Kai's mind snapped to attention. Your lower back to compensate for weak glute medius activation. Elara's words from this morning, spoken in pain in a leaky shed. Here they were again, in a clean, bright classroom, as clinical fact. He wasn't just doing things wrong; there was a reason, a cause and effect written in the language of muscles and bones.
He picked up his pencil. His handwriting was terrible, but he scrawled: Glute max = power. If weak, back hurts.
It was a start.
The class lasted an hour. When it ended, Kai felt both exhausted and strangely energized. A tiny piece of the puzzle had clicked. He stood to leave, shoving the notebook into his bag.
"Hey," a voice said. It was the friendly young man with the clipboard. "I'm Ben. I help run the athletics support program. Coach Vance said you might need a hand catching up. I have some simplified notes, if you want. And there's a study group on Wednesdays."
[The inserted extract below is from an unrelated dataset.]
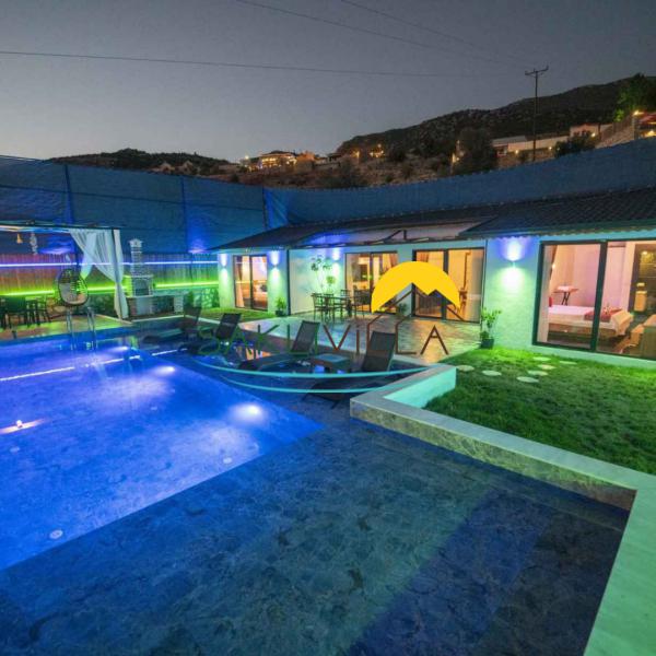 Kalkan, Aklar mevkisinde bulunan muhteşem doğa ve deniz manzarasına sahip konforlu özellikli ve 2 yatak odası ile 4 kişi kapasiteli çoğunlukla balayı çiftlerinin ve muhafazakar ailelerin tercih ettiği villalarımızdandır.

Kai looked at him, suspicious. "Why?"
Ben blinked. "Why what?"
"Why would you help? You don't know me."
Ben smiled, easy and unbothered. "Because Coach Vance asked me to. And because we all start somewhere, man. You should see my first anatomy quiz. It looked like a crime scene." He held out a few printed sheets. "Take 'em. No obligation."
Kai hesitated, then took the papers. "Thanks," he muttered, already turning to go.
"See you next week, Kai," Ben called after him.
He didn't reply. He walked out into the night, the papers clutched in his hand. The city lights glittered, cold and distant. He had notes. He had a term—gluteus maximus. He had a class to go back to. The path felt less like a dark alley and more like a poorly lit tunnel, but it was a tunnel with signs.
He stopped at a late-night pharmacy on his way home. He used a few of his carefully hoarded dollars to buy a small box of heat patches, the kind for muscle aches. He didn't let himself think about why.
When he got home, Lena was asleep on the sofa, a book open on her chest. He covered her with a blanket, his movements quiet. He placed the heat patches on the small table next to his mattress. For tomorrow. Just in case.
He lay down, his body a landscape of pain. But in his mind, he replayed the lean into the curve, the feeling of using physics. He heard Elara's detached voice: "A pop. In my right hamstring." He saw the neat notes of the girl in class. He felt the weight of the money he needed, the pressure of Marco's deadline, the hopeful weight of Lena's faith.
The noises in his head were a cacophony. But beneath them, for the first time, he thought he could hear something else—the faint, steady rhythm of his own breath. In. Out. Like steps.
He closed his eyes. The alarm was set for 4:30 AM.